| WHAT TO DO |
What you output must match, exactly, the lines from the start of the records to the line containing "Turkey ranks 108th on", both ends kept and pictures excluded.
--*--
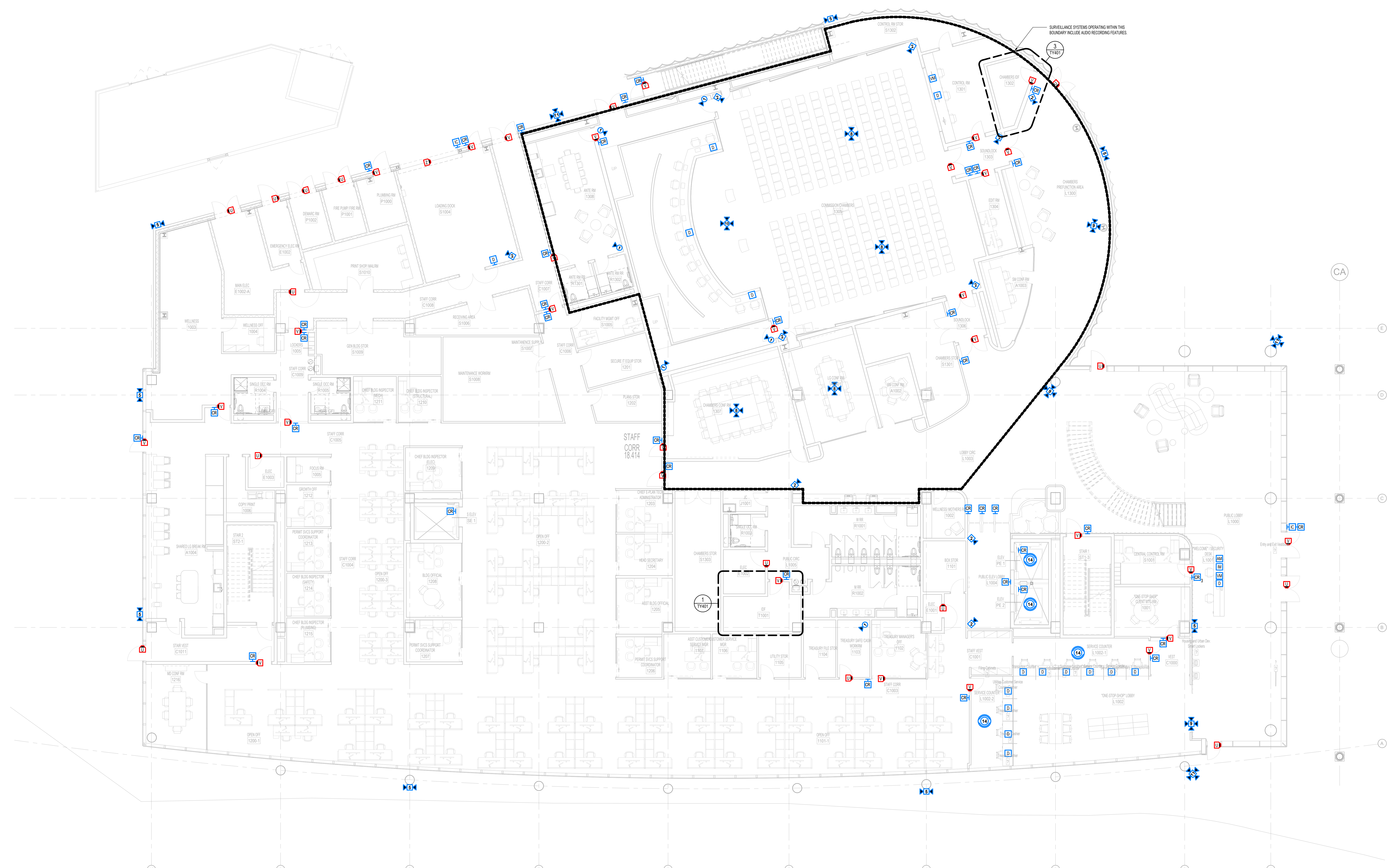
1 SECURITY FLOOR PLAN - LEVEL 1 - CITY HALL 1/8" = 1'-0"
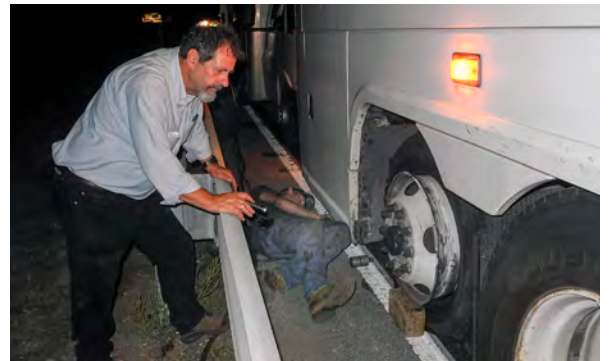
2012. Our bus driver assisting the mechanic change a tire.
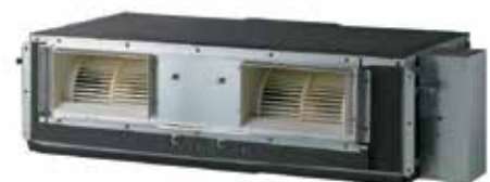
Horizontal Air Handler
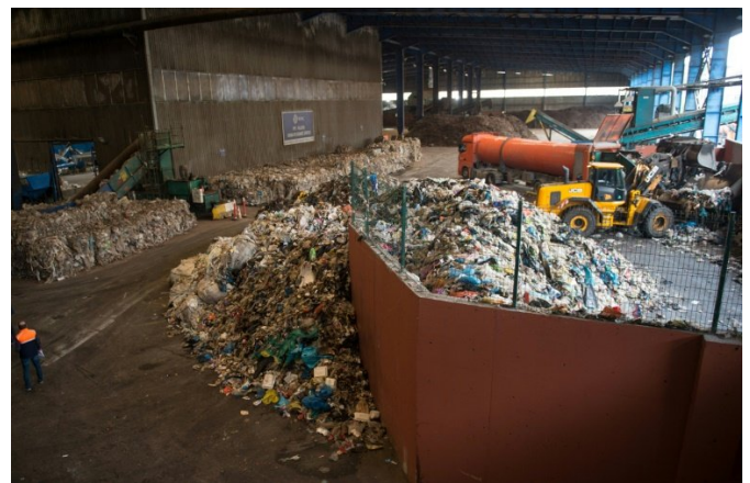
Turkey ranks 108th on the 2018 Environmental Performance Index, produced by the Yale Center for Environmental Law and Policy, of 180 nations

Turkey ranks 108th with a score of 52.96 in the 2018 Environmental Performance Index (EPI), produced by the Yale Center for Environmental Law and Policy, that analyses the environmental performance of 180 nations.
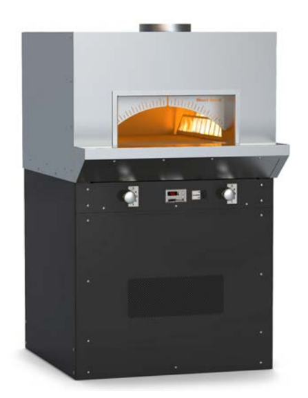
WS-BL-4343-RFG-LR model shown.
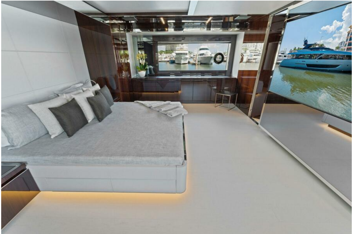
Riva Dolcevita 110 - Master Stateroom 2024 Riva Dolcevita 110
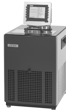
Calibration Bath Model CTB9441

However, it is not just the bath that is important, but also the bath fluid used. To ensure homogeneous temperature distribution, the selected fluid should have a high thermal conductivity and low viscosity. Moreover, the fluid should be inert, have a low vapour pressure, should not decompose chemically, not burn, and should maintain its properties over a wide temperature range.
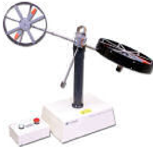
Figure 2 Twin rotor system [ http://www.fbk.com/product.aspx?pid=33-007 ]

The second physical system employed in this project was the twin rotor system produced by Feedback Instruments Limited shown in Figure 2. For the purposes of this project, the twin rotor was constrained to move only in a vertical plane and only one of the two rotors was used for control. The rotary dynamics of this system is relatively straightforward for the students to model, but the dynamics of the thrust produced by the rotor had to be supplied to the students. A difficulty that arises with this model is that the thrust dynamics and the overall rotational dynamics are both nonlinear. Therefore, the students had to generate a linearized model for the system, and as was the case with the mass-spring-damper system, they observed that the modeled behavior and the actual behavior did not match exactly.
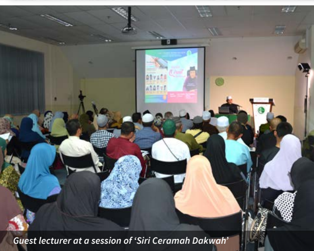
Guest lecturer at a session of 'Siri Ceramah Dakwah'
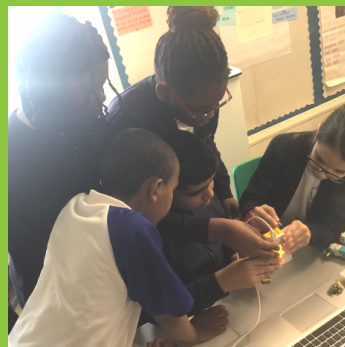
St Michael's - High Flyers
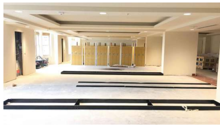
Locker Installation in 2nd Floor Area G
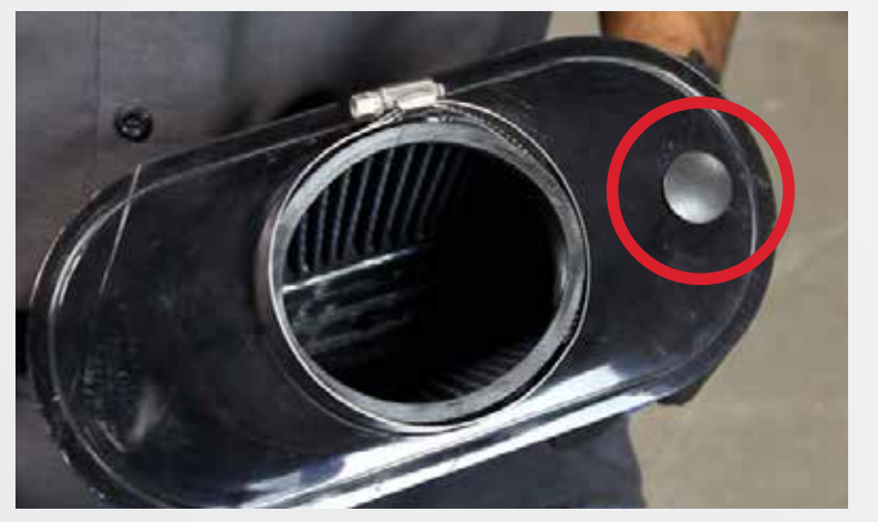
Install the sponge trimming onto the BBK Cold Air Intake shield and install the supplied plug into the BBK Air Filter.
--*--
| SOLUTION FOR THIS TASK |
1 SECURITY FLOOR PLAN - LEVEL 1 - CITY HALL 1/8" = 1'-0"
2012. Our bus driver assisting the mechanic change a tire.
Horizontal Air Handler
Turkey ranks 108th on the 2018 Environmental Performance Index, produced by the Yale Center for Environmental Law and Policy, of 180 nations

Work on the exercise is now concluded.